EXERCISE: In the records below, begin at the line that has "2014.7.27オープンキ" and stop after the line that has "Navy Blue Gold"; quote those lines verbatim and nothing more.

··· GIVEN INFORMATION

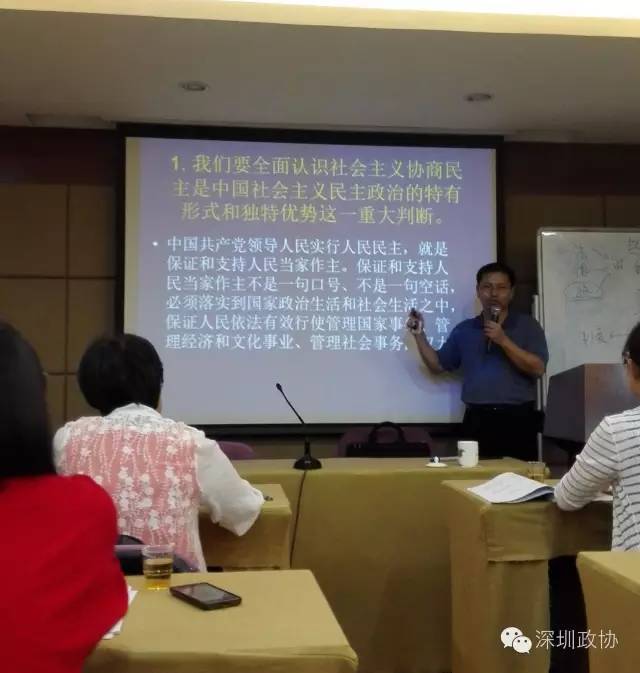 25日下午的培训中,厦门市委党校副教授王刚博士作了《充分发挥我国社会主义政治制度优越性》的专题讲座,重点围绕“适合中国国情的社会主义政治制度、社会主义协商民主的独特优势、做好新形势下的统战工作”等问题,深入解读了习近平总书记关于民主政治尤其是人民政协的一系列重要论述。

······
··· GIVEN INFORMATION

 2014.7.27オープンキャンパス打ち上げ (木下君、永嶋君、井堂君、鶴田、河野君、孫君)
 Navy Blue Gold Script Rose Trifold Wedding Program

······
··· GIVEN INFORMATION

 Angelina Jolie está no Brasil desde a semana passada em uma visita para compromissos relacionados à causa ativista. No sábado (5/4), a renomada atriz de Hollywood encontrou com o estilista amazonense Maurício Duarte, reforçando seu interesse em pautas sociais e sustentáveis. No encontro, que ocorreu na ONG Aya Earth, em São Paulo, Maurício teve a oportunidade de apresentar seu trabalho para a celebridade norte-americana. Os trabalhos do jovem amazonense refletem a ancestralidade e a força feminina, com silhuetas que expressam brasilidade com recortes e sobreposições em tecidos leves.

······

RESPONSE BOX:
 2014.7.27オープンキャンパス打ち上げ (木下君、永嶋君、井堂君、鶴田、河野君、孫君)
 Navy Blue Gold Script Rose Trifold Wedding Program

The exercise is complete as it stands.